= Gianfranco Pannone =

Italian film and television director

Gianfranco Pannone is an Italian film and television director.

== Biography ==
After graduating in Cinema history and criticism at La Sapienza University of Rome, he graduated in Directing at the CSC (National Cinema School). Between 1990 and 1998, he directed and produced the documentary films Piccola America, Lettere dall’America and L’America a Roma, which together make up the Trilogy of America; and later Latina/Littoria (2001), a French-Italian documentary-film, which was awarded the prize for the best non-fiction work at the Torino Film Festival in 2001 and in 2003 at the Mediterranean Film Festival – Rai Award. Among his short and medium-length films are Kelibia/Mazara (1998, co-directed with T. Ben Abdallah), Pomodori (1999), Sirena operaia (2000), Viaggio intorno alla mia casa (2001), Venezia, la città che affonda (2001, co-directed with M. Visalberghi), Pietre, miracoli e petrolio, Benvenue chez Casetti (2006). Also the feature film 100 anni della nostra storia (2006, co-directed with Marco Puccioni), made it to the final five of David di Donatello in 2007; the docu-series Cronisti di strada (2007) and, in recent years, the shorts Immota manet (2009), Linee di confine (2010), Aprilia (2011). Le pietre sacre della Basilicata (2012), Graziano e le sue donne (2013) Io che amo solo te (2004) is his fiction feature film . His last documentary films are: Il sol dell’avvenire (2008), which was conceived and written with John Fasanella and was presented as a special event at the International Film Festival of Locarno, at Viennale in 2008, at the International Documentary Film Festival of London and in the final five of Nastri D’Argento in 2009; ma che Storia..., a montage film produced by Cinecittà Luce and presented during the International Venice Film Festival in 2010, as well as in many cities across the world as representative of the 150th anniversary of the Unification of Italy; Scorie in libertà (2011-2012), presented in the International section of Cinemambiente Torino Festival in 2012 and, as a special event, at the Festival del Nuovo Cinema di Pesaro in the same year. The documentary Ebrei a Roma was presented as a Special Event at the Rome International Film Festival in 2012. This year he has completed the medium-length Trit cme la bula and the feature Sul vulcano.

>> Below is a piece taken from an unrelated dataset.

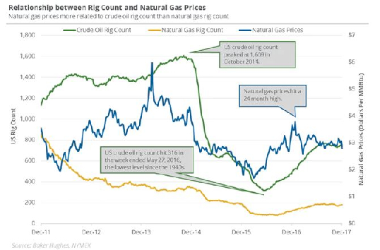 美国天然气期货在2016年底曾触及3.724美元/百万英热单位,但由于北美连续两年经历暖冬,夏天气温也不够炎热,减少了家庭供暖与空调制冷需求。美国油产也自2016年中旬涨超16%,作为石油产量附属品的天然气也自2016年起陷入超供格局。

His works have earned him awards, have allowed him to participate in many Italian and international festivals and are aired on major European television. Pannone has also directed several shows as a theatre director, including, Guerra civile in 2006, presented in the same year at the Festival Dei Due Mondi in Spoleto. He is co-founder of Doc/It and he is an active member of the association 100autori.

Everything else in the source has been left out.